- Work request:
Every line of the listing must be reproduced as it stands. Leave the images behind.

- Source data:

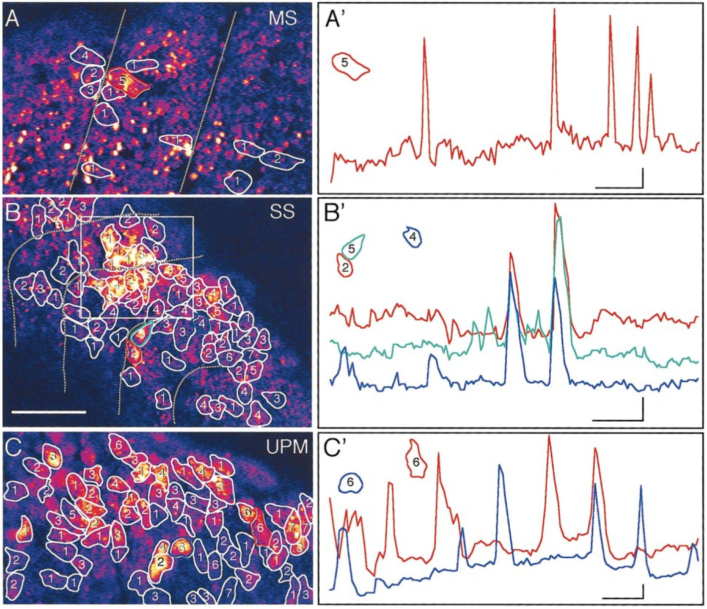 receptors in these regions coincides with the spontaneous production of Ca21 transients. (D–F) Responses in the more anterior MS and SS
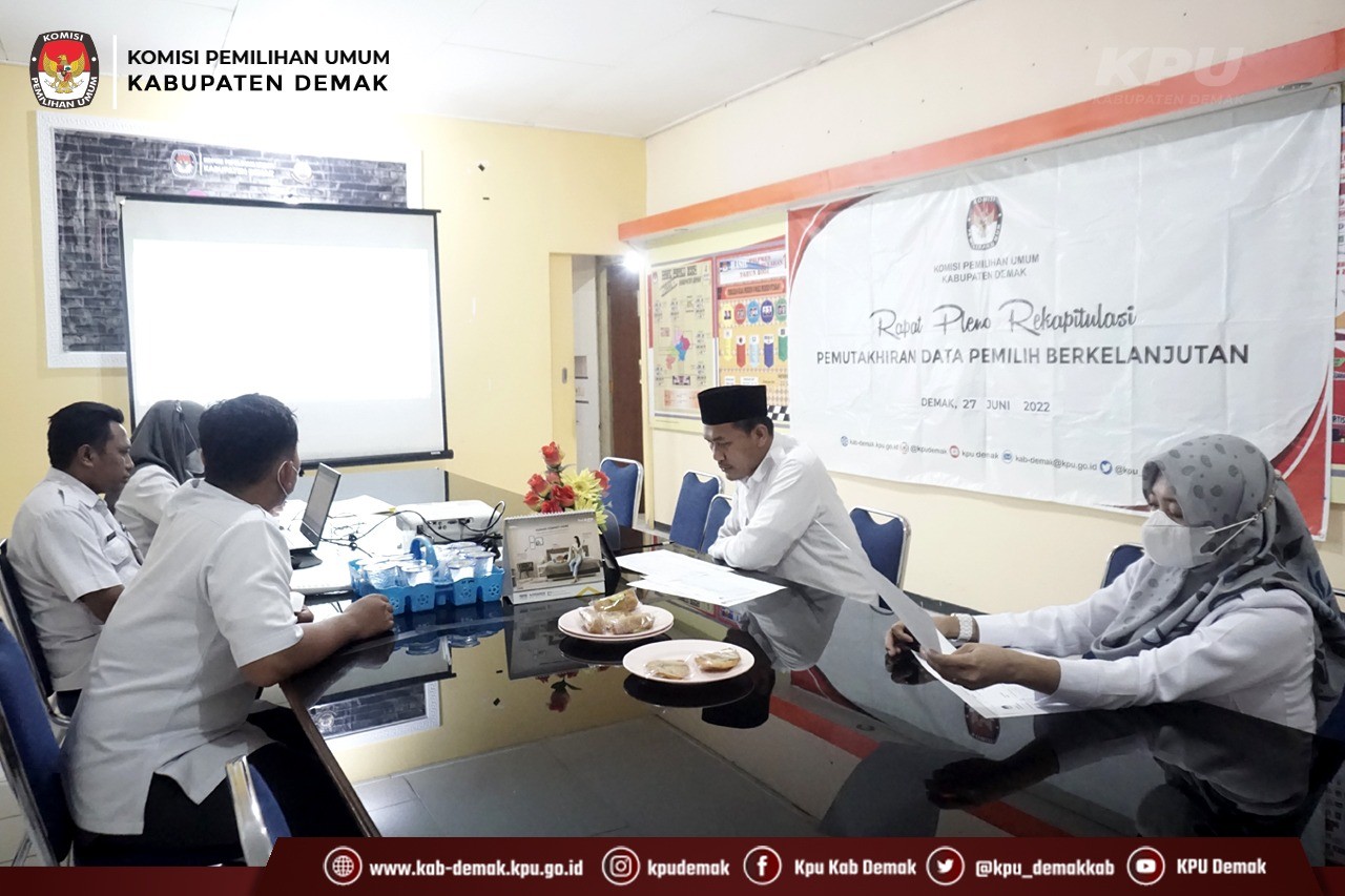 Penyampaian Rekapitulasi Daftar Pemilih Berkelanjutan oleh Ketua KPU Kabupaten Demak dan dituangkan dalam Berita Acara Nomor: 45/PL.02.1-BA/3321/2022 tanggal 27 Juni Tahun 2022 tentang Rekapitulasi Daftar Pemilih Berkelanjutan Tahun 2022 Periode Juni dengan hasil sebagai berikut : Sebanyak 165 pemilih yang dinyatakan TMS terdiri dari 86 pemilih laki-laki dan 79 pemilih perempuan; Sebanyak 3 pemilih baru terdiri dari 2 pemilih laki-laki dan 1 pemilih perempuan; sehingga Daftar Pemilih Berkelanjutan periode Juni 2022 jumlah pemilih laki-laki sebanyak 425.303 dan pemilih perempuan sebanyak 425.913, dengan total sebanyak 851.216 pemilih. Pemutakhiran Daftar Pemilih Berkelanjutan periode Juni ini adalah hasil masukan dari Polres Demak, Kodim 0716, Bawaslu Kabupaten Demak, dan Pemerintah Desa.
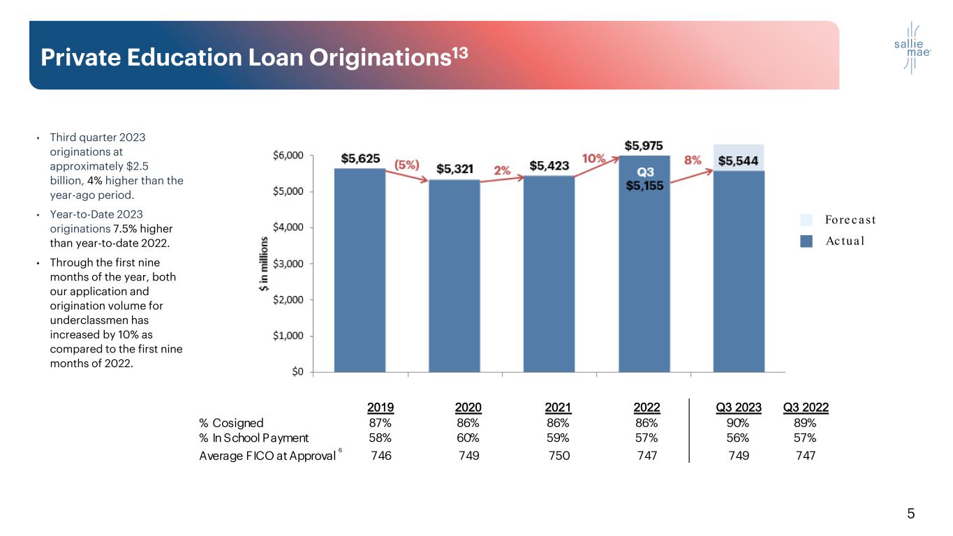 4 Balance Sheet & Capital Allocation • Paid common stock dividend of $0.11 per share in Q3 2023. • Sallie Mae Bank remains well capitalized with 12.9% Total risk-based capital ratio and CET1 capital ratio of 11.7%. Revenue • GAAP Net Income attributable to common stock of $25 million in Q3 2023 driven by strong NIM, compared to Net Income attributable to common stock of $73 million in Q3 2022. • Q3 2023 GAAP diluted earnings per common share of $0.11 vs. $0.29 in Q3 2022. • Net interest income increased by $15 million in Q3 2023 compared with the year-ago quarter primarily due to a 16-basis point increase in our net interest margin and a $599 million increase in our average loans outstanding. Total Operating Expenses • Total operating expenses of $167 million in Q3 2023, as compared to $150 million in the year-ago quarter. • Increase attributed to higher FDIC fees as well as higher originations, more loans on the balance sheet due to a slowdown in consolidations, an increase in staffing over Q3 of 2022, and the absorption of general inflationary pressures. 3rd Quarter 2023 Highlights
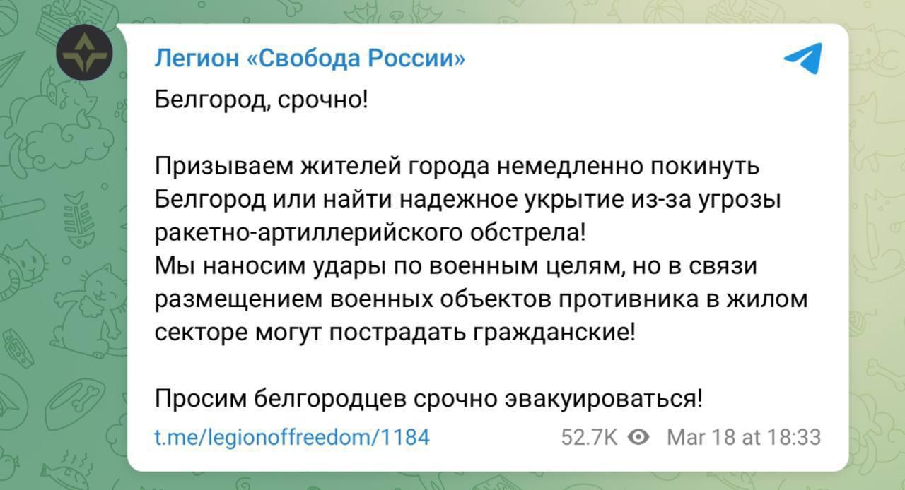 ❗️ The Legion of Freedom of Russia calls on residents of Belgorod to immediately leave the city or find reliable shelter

- Result of the exercise:
 receptors in these regions coincides with the spontaneous production of Ca21 transients. (D–F) Responses in the more anterior MS and SS
 Penyampaian Rekapitulasi Daftar Pemilih Berkelanjutan oleh Ketua KPU Kabupaten Demak dan dituangkan dalam Berita Acara Nomor: 45/PL.02.1-BA/3321/2022 tanggal 27 Juni Tahun 2022 tentang Rekapitulasi Daftar Pemilih Berkelanjutan Tahun 2022 Periode Juni dengan hasil sebagai berikut : Sebanyak 165 pemilih yang dinyatakan TMS terdiri dari 86 pemilih laki-laki dan 79 pemilih perempuan; Sebanyak 3 pemilih baru terdiri dari 2 pemilih laki-laki dan 1 pemilih perempuan; sehingga Daftar Pemilih Berkelanjutan periode Juni 2022 jumlah pemilih laki-laki sebanyak 425.303 dan pemilih perempuan sebanyak 425.913, dengan total sebanyak 851.216 pemilih. Pemutakhiran Daftar Pemilih Berkelanjutan periode Juni ini adalah hasil masukan dari Polres Demak, Kodim 0716, Bawaslu Kabupaten Demak, dan Pemerintah Desa.
 4 Balance Sheet & Capital Allocation • Paid common stock dividend of $0.11 per share in Q3 2023. • Sallie Mae Bank remains well capitalized with 12.9% Total risk-based capital ratio and CET1 capital ratio of 11.7%. Revenue • GAAP Net Income attributable to common stock of $25 million in Q3 2023 driven by strong NIM, compared to Net Income attributable to common stock of $73 million in Q3 2022. • Q3 2023 GAAP diluted earnings per common share of $0.11 vs. $0.29 in Q3 2022. • Net interest income increased by $15 million in Q3 2023 compared with the year-ago quarter primarily due to a 16-basis point increase in our net interest margin and a $599 million increase in our average loans outstanding. Total Operating Expenses • Total operating expenses of $167 million in Q3 2023, as compared to $150 million in the year-ago quarter. • Increase attributed to higher FDIC fees as well as higher originations, more loans on the balance sheet due to a slowdown in consolidations, an increase in staffing over Q3 of 2022, and the absorption of general inflationary pressures. 3rd Quarter 2023 Highlights
 ❗️ The Legion of Freedom of Russia calls on residents of Belgorod to immediately leave the city or find reliable shelter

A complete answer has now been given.